Web of history: Reena Kallat’s installation
Reena Kallat’s installation at the Bhau Daji Lad Museum is a take on colonial street names that have made way for indigenous ones.
From afar, you’d be forgiven for thinking there’s a giant spider web sprawled across the front façade of Bhau Daji lad Museum in Byculla. But move closer and you’d see that it’s a massive installation created by artist Reena Kallat, by stringing together a number of rubber stamps.
Each stamp bears an old, colonial name of one of the city’s streets, which since then has been rechristened with a more indigenous name. “Some street names have held meanings in people’s lives and are reflections of the city and the transformation it has undergone. In fact, the museum too was originally named Victoria and Albert museum. It houses and archives several pieces that reflect our industrial and artisanal past.
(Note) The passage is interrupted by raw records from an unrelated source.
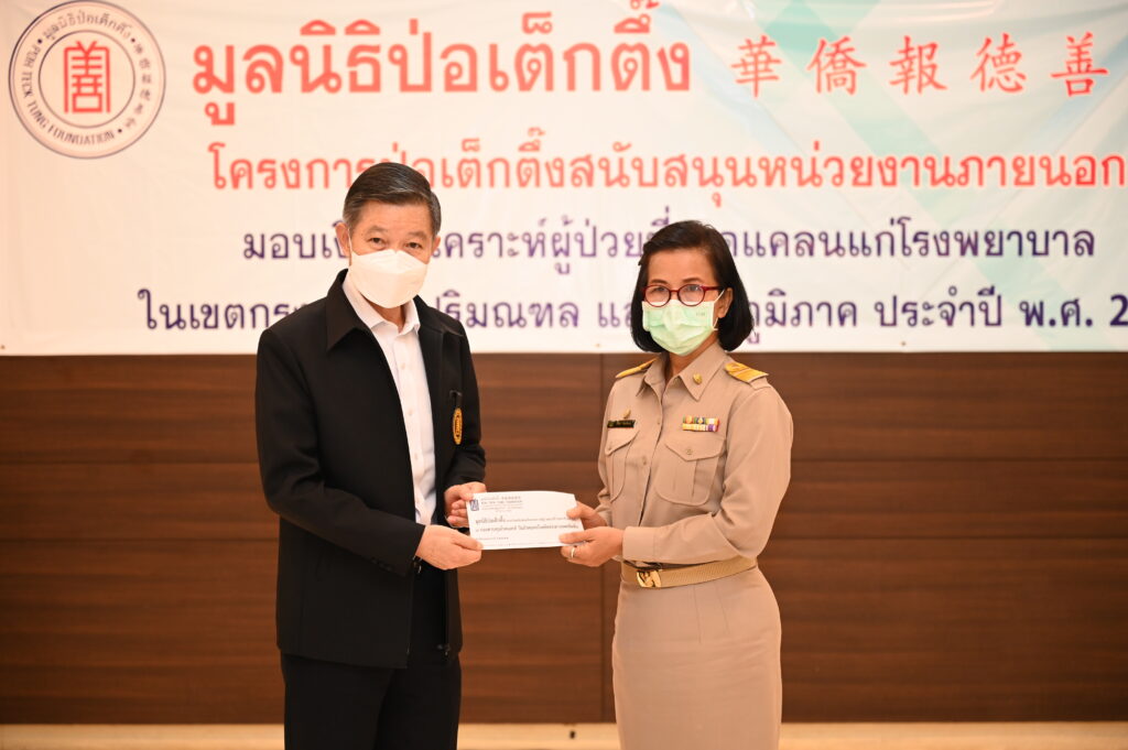วันนี้ (วันจันทร์ที่ 10 เมษายน 2566) มูลนิธิป่อเต็กตึ๊ง โดย นายวิเชียร เตชะไพบูลย์ ประธานกรรมการ เป็นประธานในพิธี พร้อมด้วย นายสัก กอแสงเรือง รองประธานกรรมการ นายวิชิต ชินวงศ์วรกุล รองประธานกรรมการ คณะกรรมการ และผู้ช่วยกรรมการมูลนิธิฯ ร่วมในพิธีมอบเงินสงเคราะห์ผู้ป่วยที่ขาดแคลนแก่โรงพยาบาล และหน่วยงานต่างๆ ในพื้นที่กรุงเทพมหานคร ปริมณฑล และ จังหวัดใกล้เคียง จำนวน 34 แห่ง โดยมีผู้แทนโรงพยาบาล และหน่วยงานสาธารณสุข เป็นผู้รับมอบ ณ ห้องประชุมชั้น 2 อาคาร 2 มูลนิธิป่อเต็กตึ๊ง พลับพลาไชย กรุงเทพฯ นอกจากนี้ มูลนิธิป่อเต็กตึ๊ง ยังกำหนดมอบเงินสงเคราะห์ผู้ป่วยที่ขาดแคลนให้กับโรงพยาบาล และหน่วยงานสาธารณสุข ในส่วนภูมิภาค จำนวน 44 แห่ง โดยมีมูลนิธิฯ /สมาคมจีนประจำจังหวัดต่างๆ เป็นตัวแทนมอบ
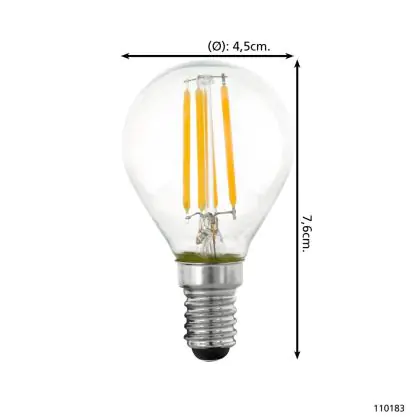 Eglo LED Kogel E14 Filament Helder 4.5W 470lm - 827 Zeer Warm Wit | Dimbaar - Vervangt 40W
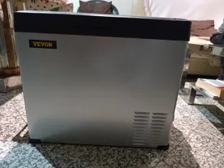 Nevera portátil VEVOR de 50 litros. Ideal para mantener tus bebidas y alimentos fríos. - Capacidad de 50 litros. - Enchufe al coche o a 220 - programable por panel o por bluetooth - Enfría mucho y mantiene perfectamente la temperatura que desees - Diseño plateado con detalles en negro. - Asa integrada para facilitar el transporte. - Rejillas de ventilación en un lateral. Perfecto para furgo camper, caravana, autocaravana, o para camping. Gran espacio y en buen estado
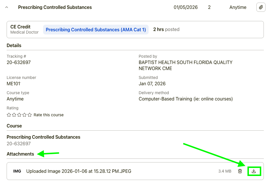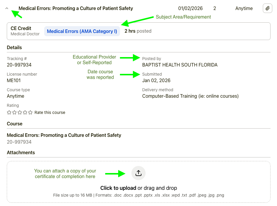 Clicking on a course will display additional details about the entry, including the profession and subject area the hours were applied to, the submission date, the name of the education provider, the course delivery method, and any certificates or supporting documentation that were uploaded with the entry.
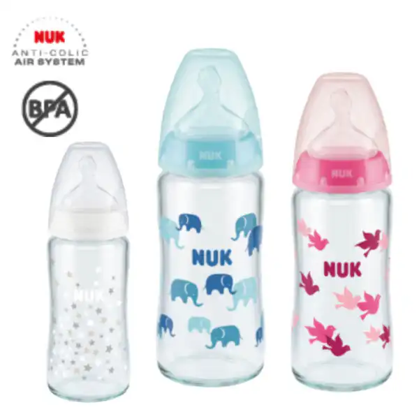 NUK Perfect Match Premium Glass Baby Bottle with Anti-Colic Teat and Temperature Control – 120ml or 230ml
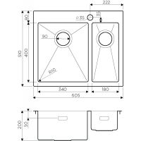 Мойка кухонная Omoikiri Akisame 60-2-IN-L прямоугольная врезная, нерж. сталь SUS304, 60 см

There are statues that carry the original names of the streets where they were placed,” explains Kallat.
The installation has been created as part of ZegnArt Public, a collaboration between Italy’s Ermenegildo Zegna Group and the city museum. The initiative also includes a series of workshops conducted by Kallat and a residency grant for an Indian artist less than 32 years of age.
Kallat claims that over the past decade, she has used rubber stamps in many of her works. “They are symbolic of the bureaucratic practice. They can confirm or obscure identities by either endorsing names or stamping them out of existence,” she says. “Arthur Road is now Sane Guruji Marg, while Clark Road is Keshavrao Khadye Marg. Their history is parallel to the museum’s history. In the process, I had the joy of learning about their history and transformation.”
As part of the agreement, the installation will be up for viewing till April 14 and the dates may be extended. The museum is understood to have agreed to showcase it three times over the next decade.